A group of employees in business casual clothes sit and stand around a wooden table in a large room. Two of the men at the table are standing and shaking hands; the rest of their coworkers look up at them and smile.
A meeting may be the first time your team meets its newest member, but it shouldn't be the first time your employees are hearing about a new hire. — Getty Images/fizkes

Inviting a new employee to a meeting takes some forethought. You want the person to feel welcome and comfortable enough to begin contributing to the conversation. But you may also want to avoid putting the new employee on the spot, and you’re likely trying to respect everyone’s time by sticking to an agenda.

Asking each attendee to introduce themselves can quickly derail the meeting, especially when many team members are still working remotely. Here are some ideas to help you plan ahead.

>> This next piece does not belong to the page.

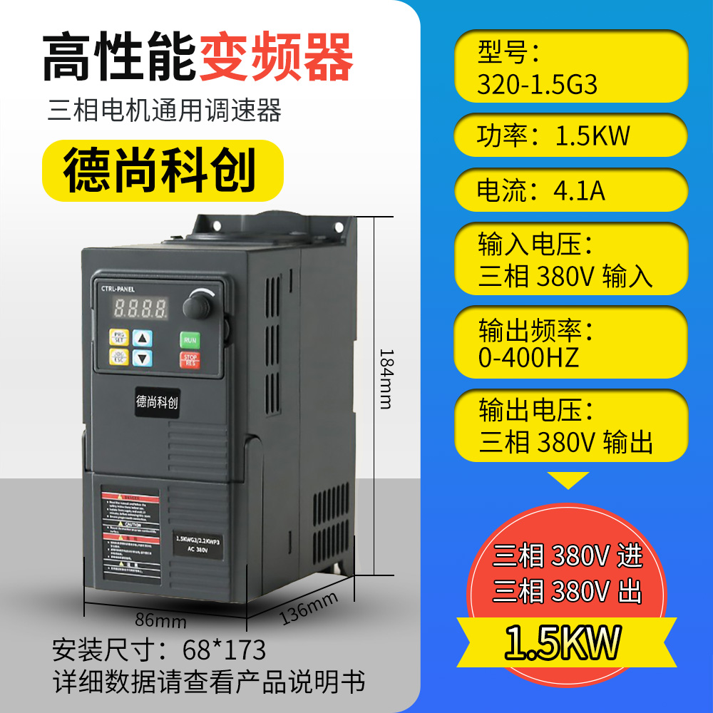 1.5KW 變頻器三相380V 單相220V 電機調速器風機水泵

Introduce the new team member before the meeting

Whether it’s the new employee’s first or tenth day, make sure each participant is aware that the new team member has joined the company. Send around a short bio with the person’s role, key responsibilities, and one or two details about their experience and interests. This saves the new team member from having to reintroduce themselves in every meeting they attend.

Book additional time for intros

Hopefully, you’re already using meeting agendas to keep each working session on track. Agendas help participants prepare for the discussion and focus on the important outcomes that need to be achieved by the end of the meeting.

[Read more: 5 Tips for Leading Productive Remote Meetings]

When you send around the meeting agenda, include 10 minutes for introductions on behalf of your existing employees. Invite your new employee to share more about themselves outside their bio, but only if they want to. Ideally, you’ll avoid putting anyone on the spot. Help your team prepare by writing in the meeting agenda what they should expect to say — and keep it limited to the basics, such as their names and positions to be mindful of time.

Provide the new team member with context

Attending a meeting as a new employee can feel like jumping in the deep end. It may be intimidating for a new team member to contribute to the conversation, given that they haven’t been working at the company for very long.

Prep your new team member ahead of time with the context for the meeting. This context can include details about the work project, their role vis-a-vis other members of the company, and what they will be expected to deliver in time. For instance, if the meeting is about a new marketing campaign, provide details about the goal of the campaign, the marketing agency brief, and the brand guidelines.

[Read more: Welcome! Onboarding New Employees Is Key To Hiring Success]

Whether it’s the new employee’s first or tenth day, make sure each participant is aware that the new team member has joined the company.

Make yourself available for a follow-up call

A new employee is likely to have some questions about the meeting, especially if they’re new to the discussion. Make yourself available for 10 to 15 minutes following the call for the person to ask you anything.

This one-on-one time also gives space for introverts or shy employees to share their thoughts. Meetings — especially those held over video — tend to favor dominant personalities. Someone may be too embarrassed to share their idea or may not be able to get a word in edgewise. Until a new employee is comfortable butting in, you want to make sure their ideas and thoughts are still being heard.

Create alternate space for socializing

Some remote workers report feeling lonely. It can be difficult to get to know your coworkers if you’re only interacting over video during meeting sessions. Provide the option for new remote team members to get to know the rest of the group in casual video sessions, no agenda necessary.

One way to do this? Plan icebreakers that aren’t lame. Invite employees to participate in team-building sessions during which the goal is simply to get to know one another. For example, you can play “Guess who?” by sending around a survey of lighthearted questions — think things like “​​If you had a pet zebra, what would you name it?” Employees can submit answers anonymously and guess who had which response.

Onboarding a new employee takes time. Be aware that not everyone will be comfortable in meetings right off the bat. Find ways to facilitate their transition into team calls and working sessions using thoughtful preparation, creating one-on-one time, and being proactive about introductions.